Governments must act as "unequivocal" climate change hits world's poorest people
International agency, Oxfam welcomes the findings of today's Synthesis Report from the Intergovernmental Panel on Climate Change (IPCC), the culmination of its 2007 assessment of climate change causes, impacts and solutions.
This year – for the first time in its 19-year history – the IPCC reported "observed impacts" of climate change, stating that warming of the climate system is "unequivocal." The report makes clear that unless there is rapid action to curb emissions global temperature increases will exceed 2ºC within this century – the threshold beyond which climate change is likely to lead to catastrophic and irreversible impacts for millions of the poorest, most vulnerable people.
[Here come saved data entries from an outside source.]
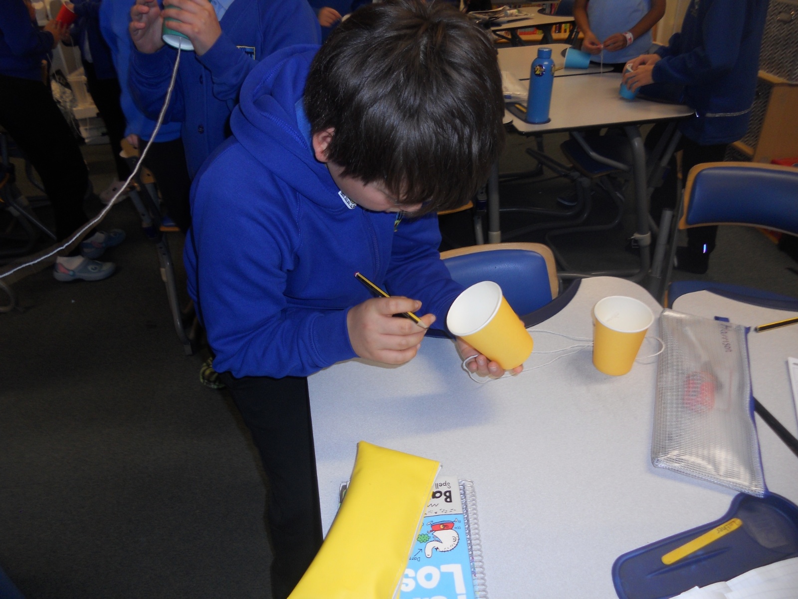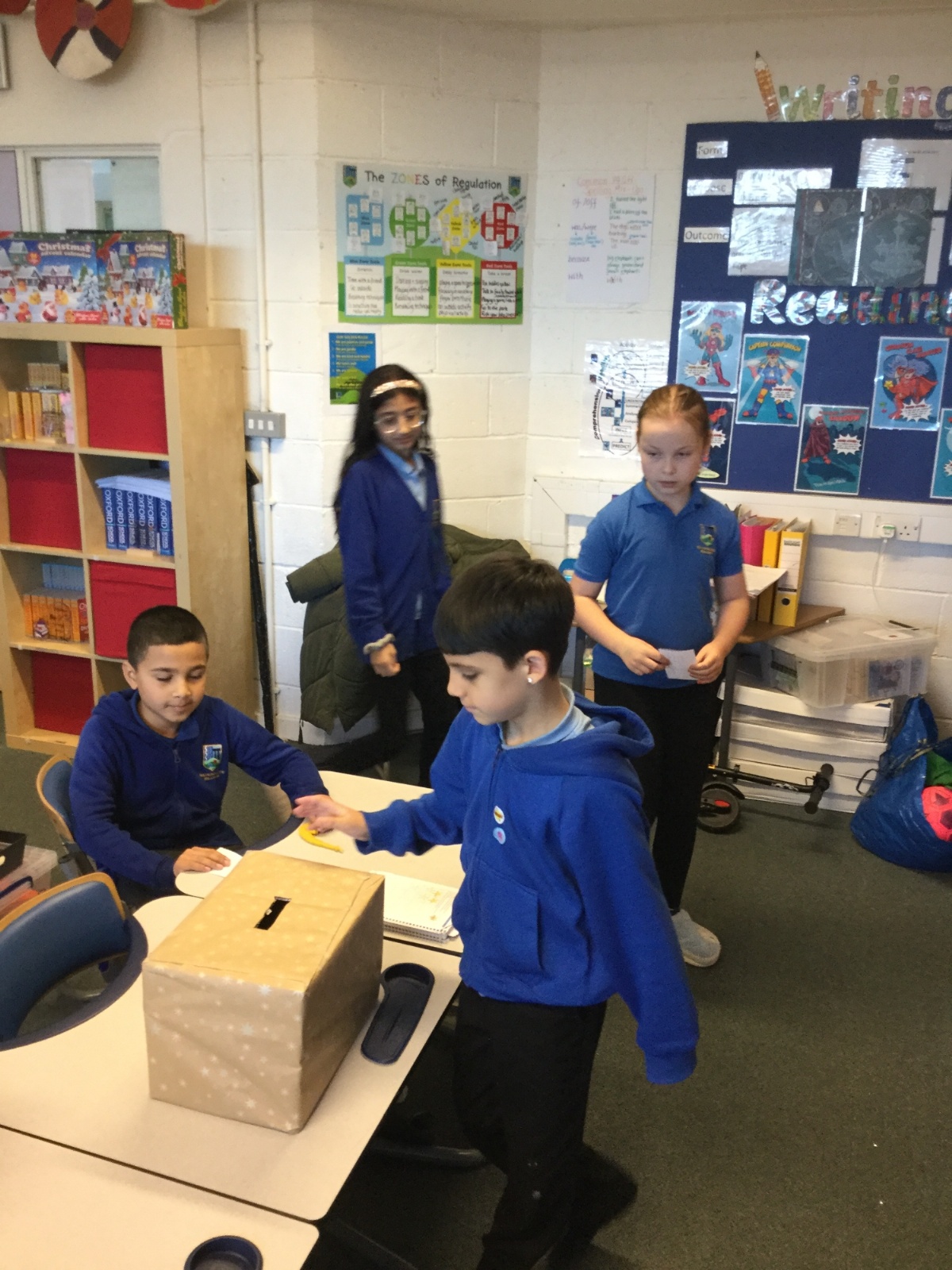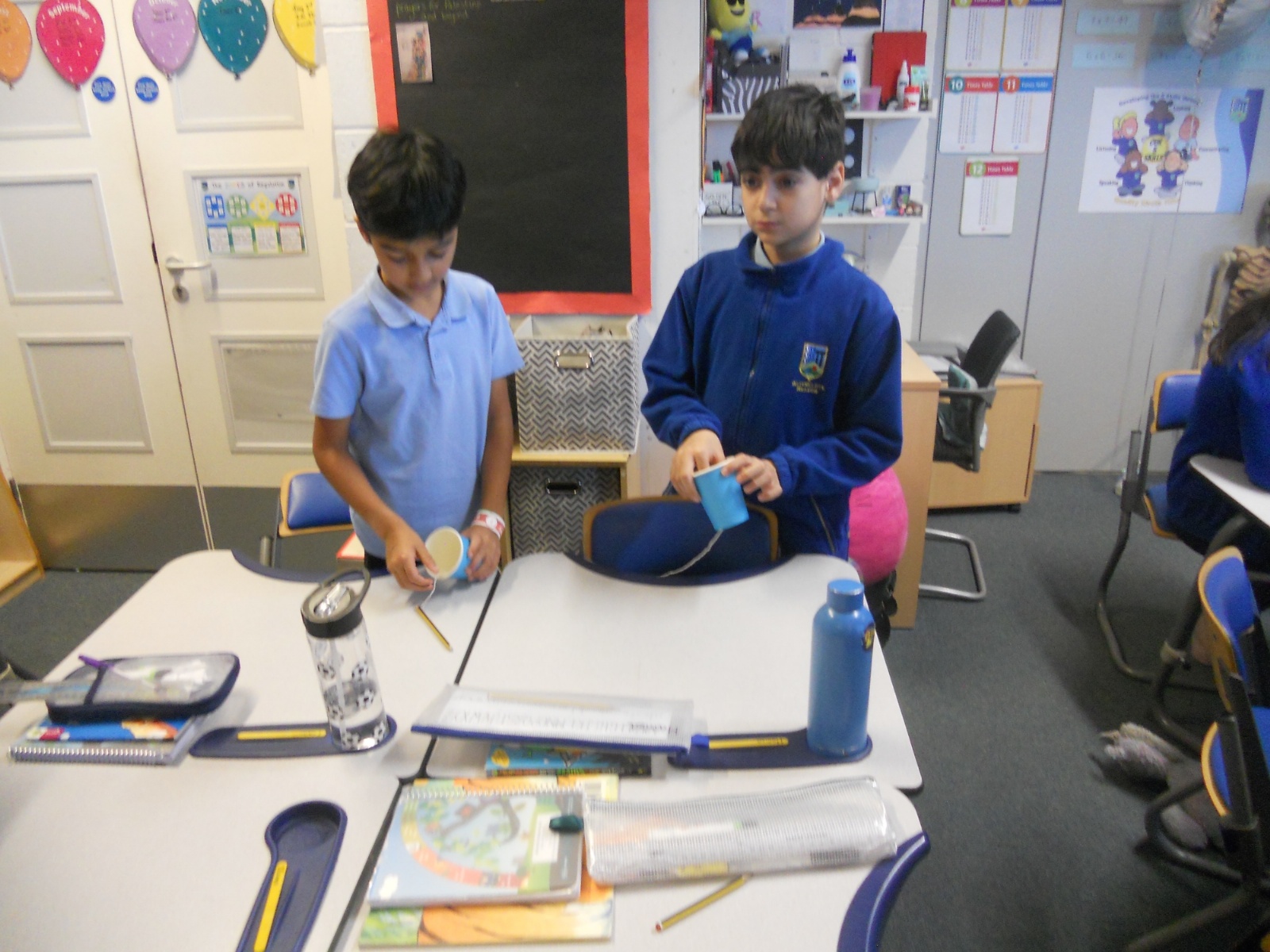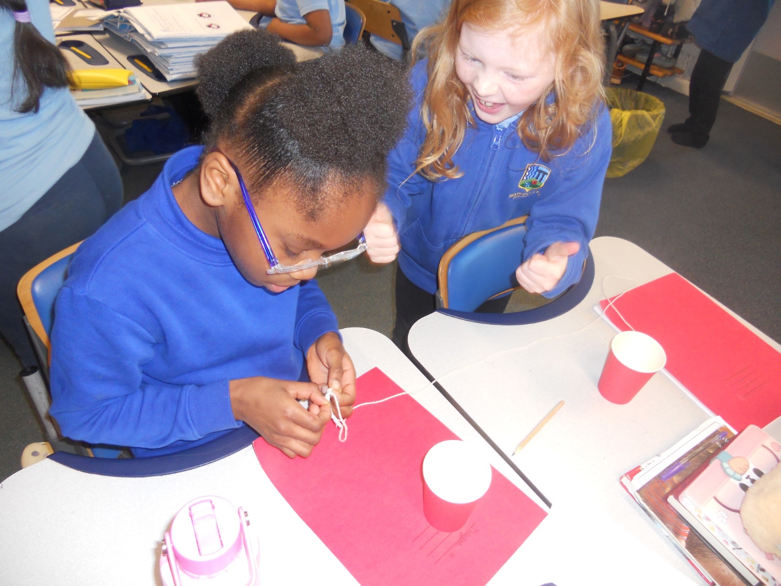 Our photos this week show description gathering in writing, decorating our treat boxes, creating cup telephones, investigating pitch in science and voting in our ballot boxes as a part of UK Parliament Week.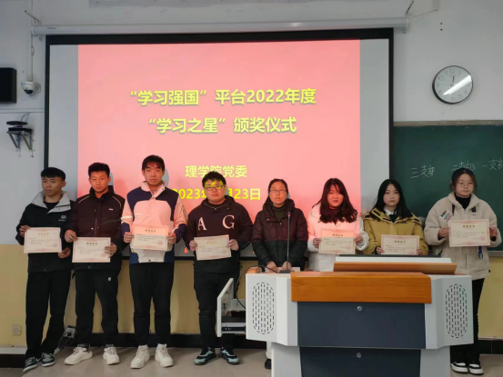 为树立榜样、表彰先进,进一步激发全体党员在“学习强国”平台的学习热情,形成比学赶超、以学促干的浓厚氛围,2月22日、23日,理学院组织开展了“学习强国”平台年度“学习之星”颁奖仪式,分别对2022年度学习强国总积分在本支部排名前20%的党员颁发荣誉证书。
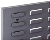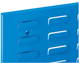 Parts Bins Louvre Panels. Top quality steel storage panels for plastic parts bins available in a multiple choice of colours and sizes. Louvred panels made to store our plastic parts bins on workshop walls and our dedicated parts bin storage racks.

Responding to the report Antonio Hill, Policy Advisor at Oxfam, said:
"The science is clear and immutable. Climate change is happening and poor people, the majority of them women, are bearing the brunt. Severe weather events and changing climate patterns are destroying homes, crops and livelihoods forcing people in poor countries, who are least responsible for climate change and least equipped to deal with its impacts, to adapt so that they can make a living and feed their families."
"Rapid action to curb emissions by 2015 is paramount but so too is providing money, technology and information right now to help the poorest, most vulnerable people who are already taking steps to adapt to their new reality."
"The IPCC throws down the gauntlet to governments to take urgent action both internationally under the UN and domestically to reduce the impact of climate change – the litmus test will be the UN climate conference in Bali next month when governments meet to negotiate a new agreement to tackle climate change."
At the Bali Conference, Oxfam calls on governments to agree to:
1. A clear path towards an adequate and fair, global post-2012 climate change agreement.
2. Concrete and speedy progress on increasing money available to poor communities for climate adaptation now.